■ Source material:
__________________________________________________

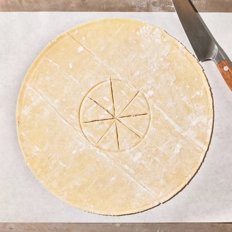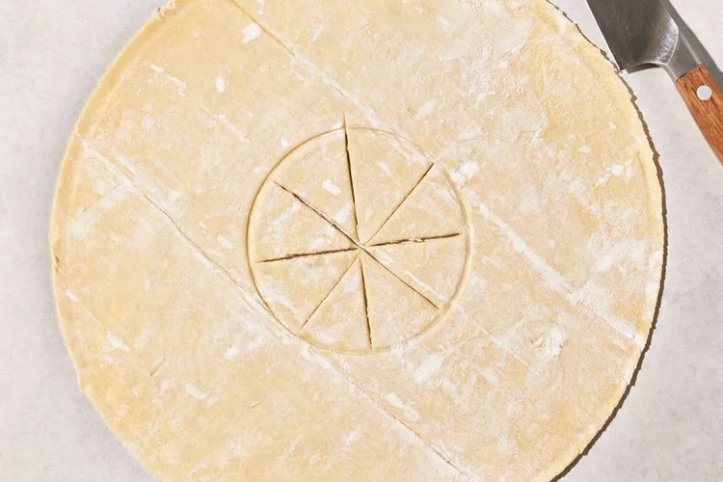 Переверніть миску діаметром 10 см на центр кола з тіста й обведіть її ножем, не прорізаючи тісто.
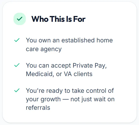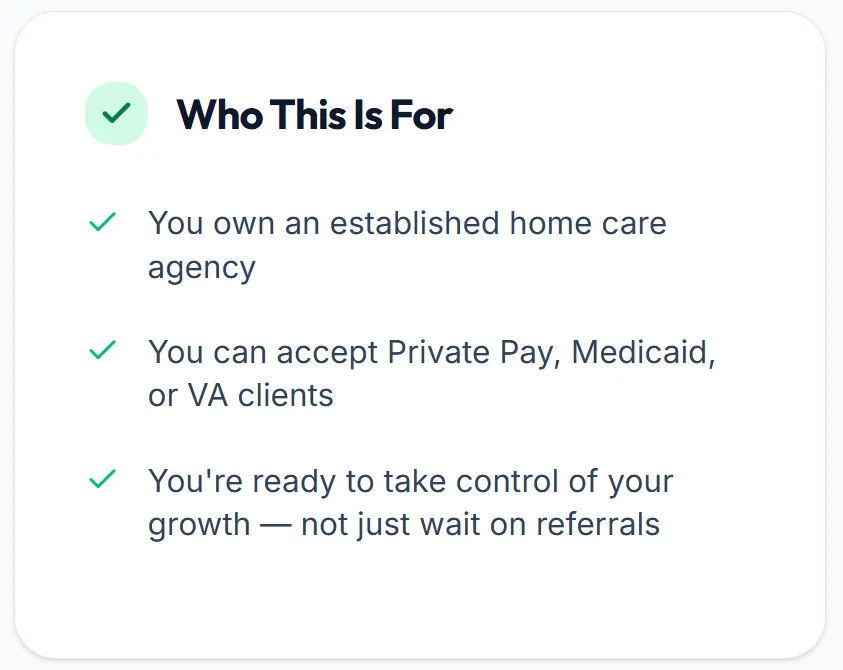 See how Love 'N Care added 71 clients in 6 months with our HomeCareGrow system. Watch the 6‑minute breakdown to see if it makes sense for your agency.
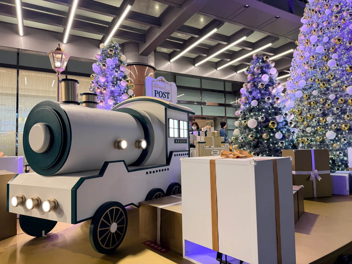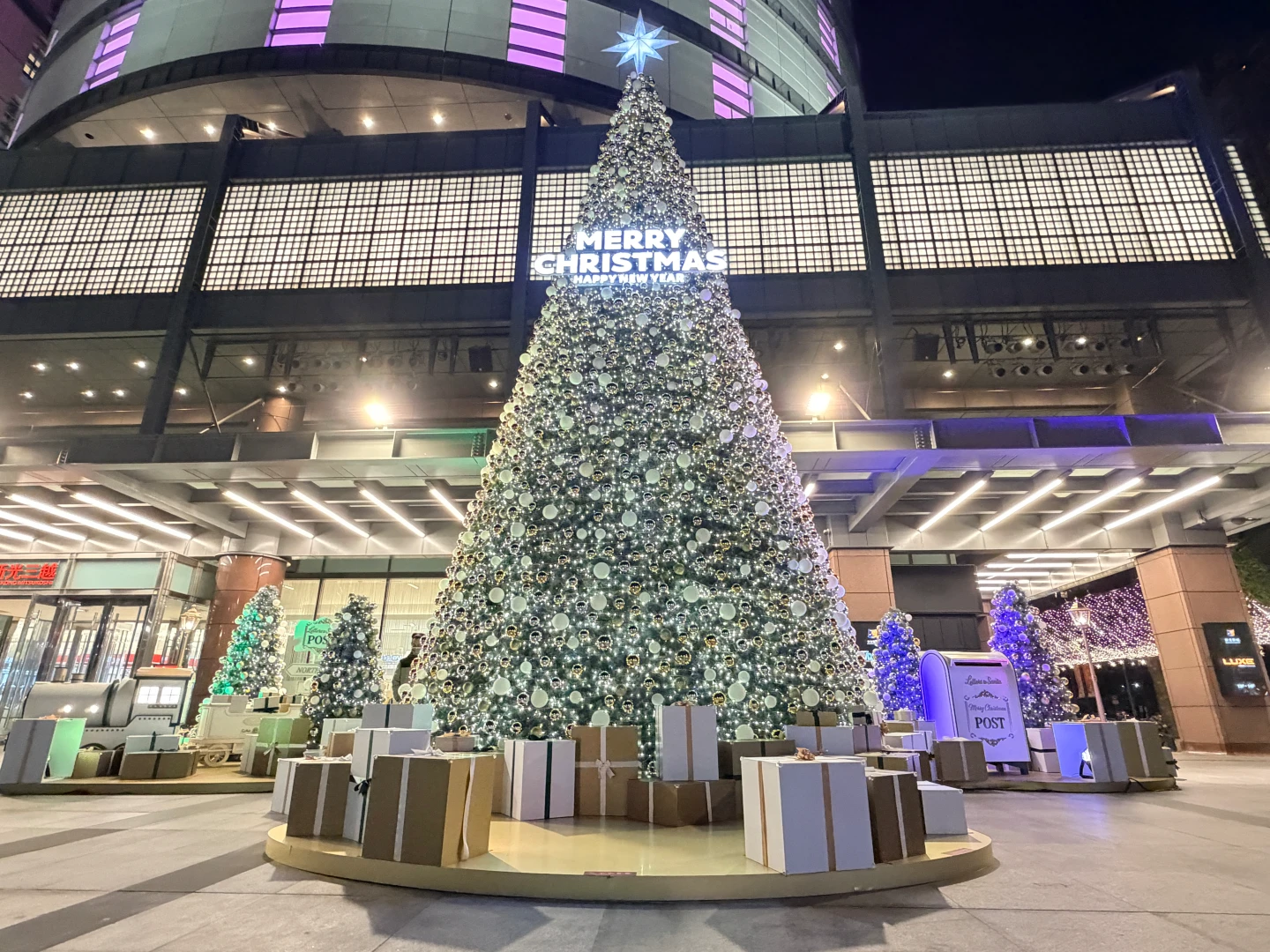 而台中新光三越中港店同樣成為耶誕焦點,在1樓水舞廣場打造高達12米的「浪漫雪花耶誕樹」,以植絨材質搭配金銀球飾,營造宛如冬季星河的光影效果,自即日起至明年1月2日開放參觀,成為情侶約會、親子共遊與社群拍照的必訪景點。廣場周邊並設置「幸福郵筒」、「耶誕禮物列車」,以及長達近百米的「流星隧道」,萬顆冰藍燈海交織,打造銀河漫步般的沉浸式體驗。
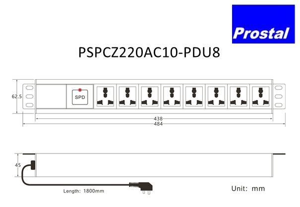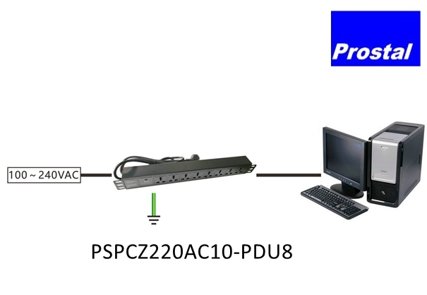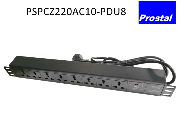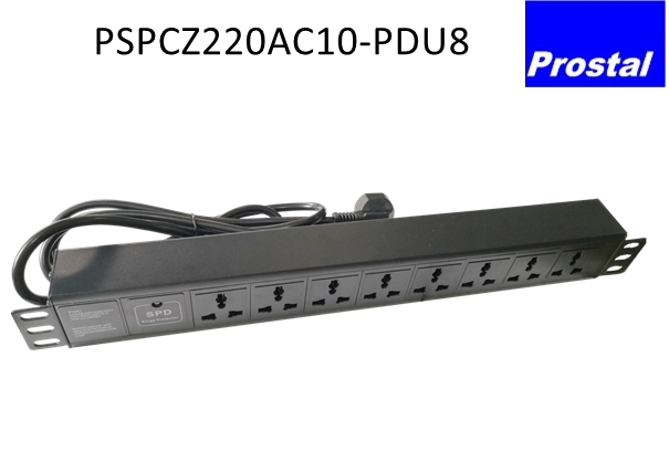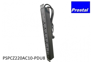 PSPCZ220AC10-PDU8 is 8-port Rack-mount Surge Protection Power Strip. It is made of high-quality zinc oxide material, effectively suppressing and discharging surge currents in power lines.

__________________________________________________

■ The task:
Output the material word for word, omitting its pictures.

■ Answer section:
 Переверніть миску діаметром 10 см на центр кола з тіста й обведіть її ножем, не прорізаючи тісто.
 See how Love 'N Care added 71 clients in 6 months with our HomeCareGrow system. Watch the 6‑minute breakdown to see if it makes sense for your agency.
 而台中新光三越中港店同樣成為耶誕焦點,在1樓水舞廣場打造高達12米的「浪漫雪花耶誕樹」,以植絨材質搭配金銀球飾,營造宛如冬季星河的光影效果,自即日起至明年1月2日開放參觀,成為情侶約會、親子共遊與社群拍照的必訪景點。廣場周邊並設置「幸福郵筒」、「耶誕禮物列車」,以及長達近百米的「流星隧道」,萬顆冰藍燈海交織,打造銀河漫步般的沉浸式體驗。
 PSPCZ220AC10-PDU8 is 8-port Rack-mount Surge Protection Power Strip. It is made of high-quality zinc oxide material, effectively suppressing and discharging surge currents in power lines.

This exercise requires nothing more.